## Task brief:
Since the pictures are not wanted, retype the listing below exactly and without them.

## Raw data:
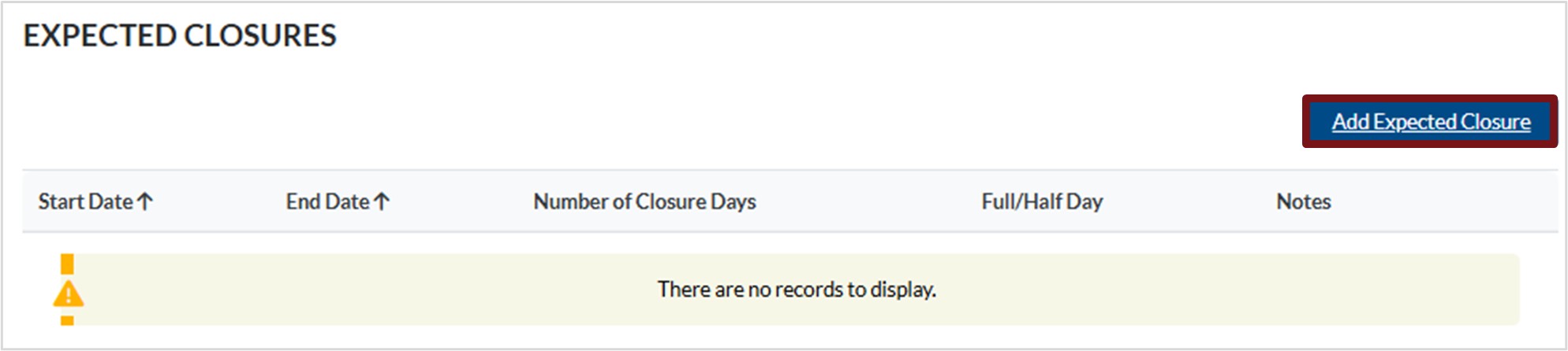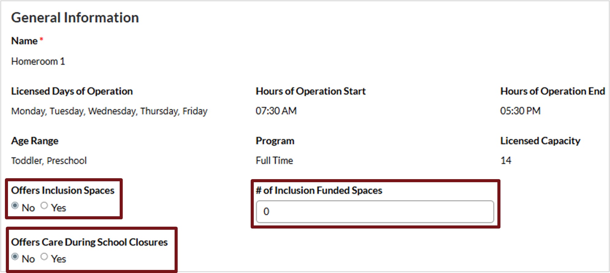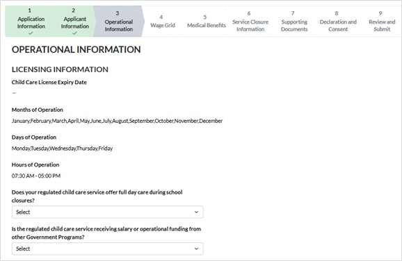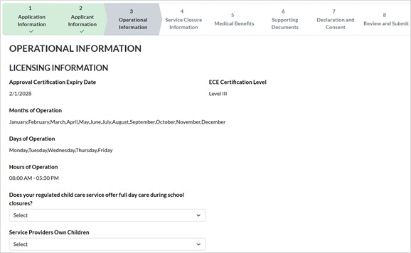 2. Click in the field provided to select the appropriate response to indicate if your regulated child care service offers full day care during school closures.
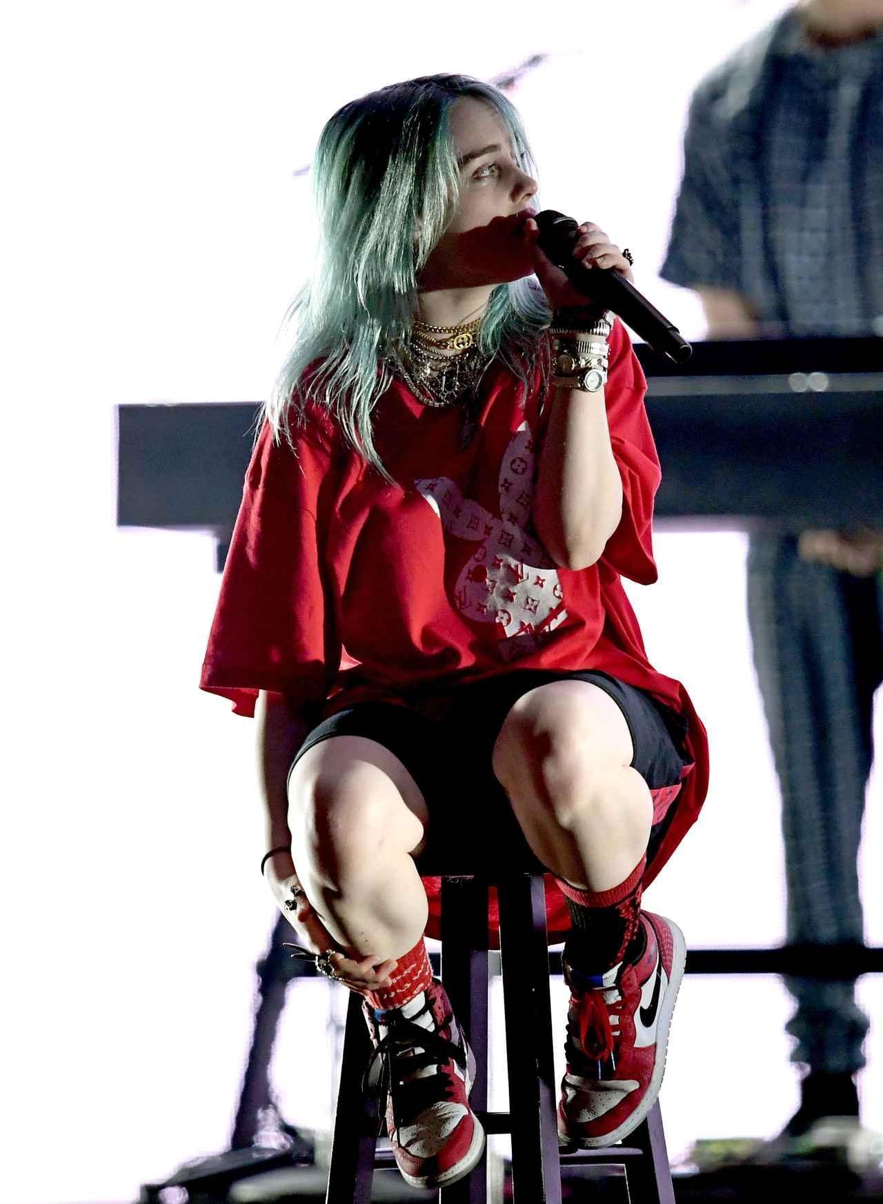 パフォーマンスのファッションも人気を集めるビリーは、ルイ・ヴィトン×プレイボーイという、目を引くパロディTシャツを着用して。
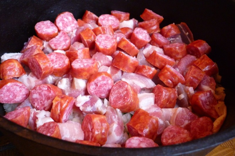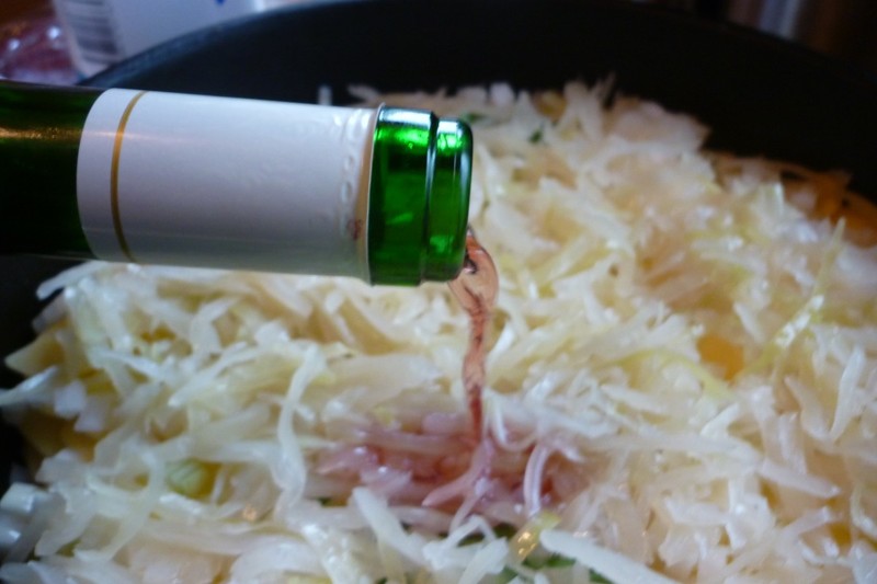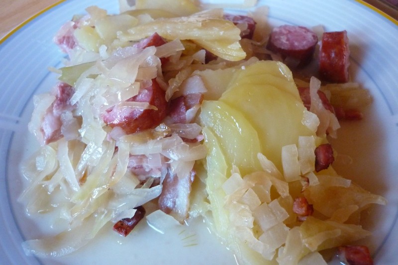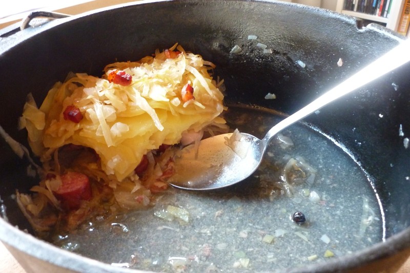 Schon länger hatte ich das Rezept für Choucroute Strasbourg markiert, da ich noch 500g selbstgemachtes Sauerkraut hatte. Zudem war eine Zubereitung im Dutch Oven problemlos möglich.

## Solution:
 2. Click in the field provided to select the appropriate response to indicate if your regulated child care service offers full day care during school closures.
 パフォーマンスのファッションも人気を集めるビリーは、ルイ・ヴィトン×プレイボーイという、目を引くパロディTシャツを着用して。
 Schon länger hatte ich das Rezept für Choucroute Strasbourg markiert, da ich noch 500g selbstgemachtes Sauerkraut hatte. Zudem war eine Zubereitung im Dutch Oven problemlos möglich.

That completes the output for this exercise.